S ophie stared at the thing in her hand. She turned it over carefully. It was paper, and it was green, and it had the number fifty all over it.
That was because it was fifty whole dollars!
Sophie could not believe it.
“I can’t believe it!” she said to Kate Barry, who was standing beside her. Kate was Sophie’s very best friend. “It’s fifty whole dollars!”
Sophie looked down at the grass next to the sidewalk. That was where she had picked up the fifty-dollar bill. She hoped that there was even more money there! But there was not.
Still. She had fifty whole dollars. She was probably the richest girl in the whole world, she guessed.
(Well … maybe she wasn’t richer than a princess. But she was richer than any ordinary girl in Ordinary, Virginia, she bet!)
Sophie wanted so badly to be special. Now she really was! And to think all she had to do was look down as she walked home from the bus stop.
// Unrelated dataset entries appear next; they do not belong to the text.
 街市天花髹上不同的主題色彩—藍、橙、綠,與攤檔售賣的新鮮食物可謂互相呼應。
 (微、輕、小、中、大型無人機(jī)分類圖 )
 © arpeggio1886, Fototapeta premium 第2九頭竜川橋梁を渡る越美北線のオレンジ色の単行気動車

“Where do you think it came from?” Kate asked her as they started to walk.
Sophie shrugged. “I don’t know.”
Then she got a feeling. It was not good. For Sophie to find money, someone else must have lost it first. But there was no one else around.
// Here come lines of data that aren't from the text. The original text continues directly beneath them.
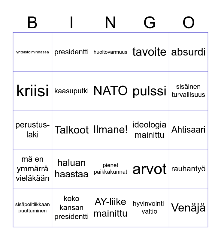 This bingo card has a free space and 29 words: sisäpolitiikkaan puuttuminen, keskellä, Talkoot, unilukkari, yhteistoiminnassa, huoltovarmuus, kaasuputki, haluan haastaa, ideologia mainittu, koko kansan presidentti, Ahtisaari, Venäjä, AY-liike mainittu, hyvinvointi-valtio, sisäinen turvallisuus, kollega, pienet paikkakunnat, mä en ymmärrä vieläkään, absurdi, perustus-laki, arvot, ylistää Tansaa, pulssi, kriisi, tavoite, presidentti, rauhantyö, NATO and puolustus.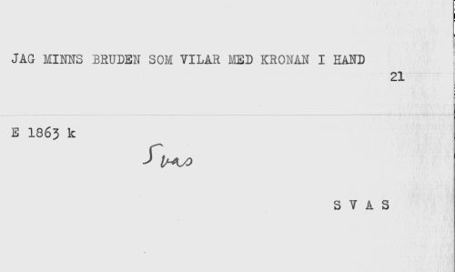 //// JAG MINNS BRUDEN SOM VILAR MED KRONAN I HAND //// 21 ! //// E I863 k //// S V A S ////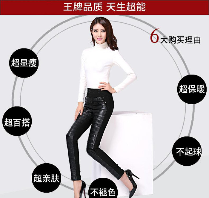 秋冬季高腰中老年抓絨加厚AB洗水皮打底羽絨褲女士休閑褲子女褲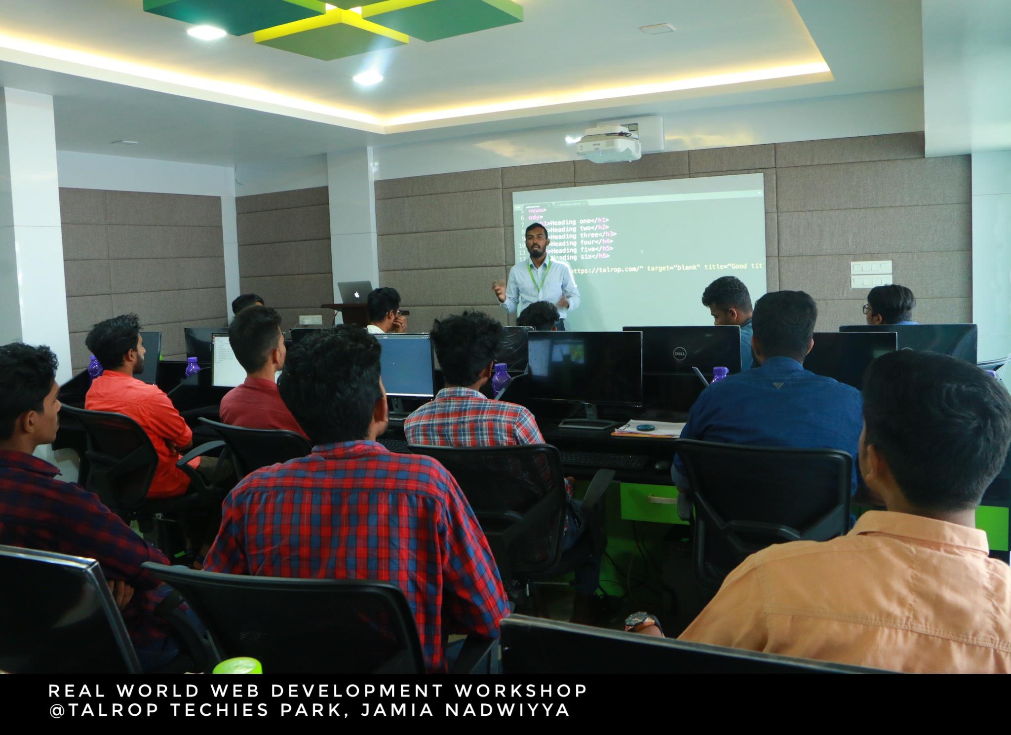 Talrop conducted workshops on different subjects with a primary goal to increase the participants understanding of technology and its development. Always we get energetic participants and we trust that workshops are always informative and beneficial. We conducted a workshop on Real world web development workshop at Talrop Techies Park, Jamia Nadwiyya, Malappuram on 19th January 2019. Real world web development workshop at Talrop Techies Park, Jamia Nadwiyya, Malappuram on 19th January 2019. Through these live workshops, students will get to know the scope of technology in the present work and how to use it. Through our Real world web development workshop we focus to inspire student about web development technology and provide classes about web development. The web development process includes web design, web content development, client-side/server-side scripting, and network security configuration, etc. Our workshops are always interactive where a student can clarify any doubts, gain any further knowledge which we glad to provide. We thank the college management and the Teachers for their cooperation and arrangement for the workshop. We are happy to received reviews as it was a wonderful event for the students participated in the workshop also it was indeed an amazing experience.

Sophie started to feel better. There wasn’t anybody to ask. Plus didn’t her big sister, Hayley, always say, “Finders keepers, losers sweepers”?
Sophie wasn’t sure why losers had to sweep. But that was their problem. The fifty dollars was hers!
“So what are you going to do with it?” Kate asked. She grinned and licked her lips. “I think you should buy lots of gum!”
Sophie knew that Kate liked gum. A lot. This was mostly because her mom did not buy it — not since Kate chewed some, then tried to keep it behind her ear. It worked for a girl in a movie they saw. But it did not work for Kate. It got stuck in her hair, and her mom had to cut it out. Kate looked funny for a while. But she still liked gum just as much after all that.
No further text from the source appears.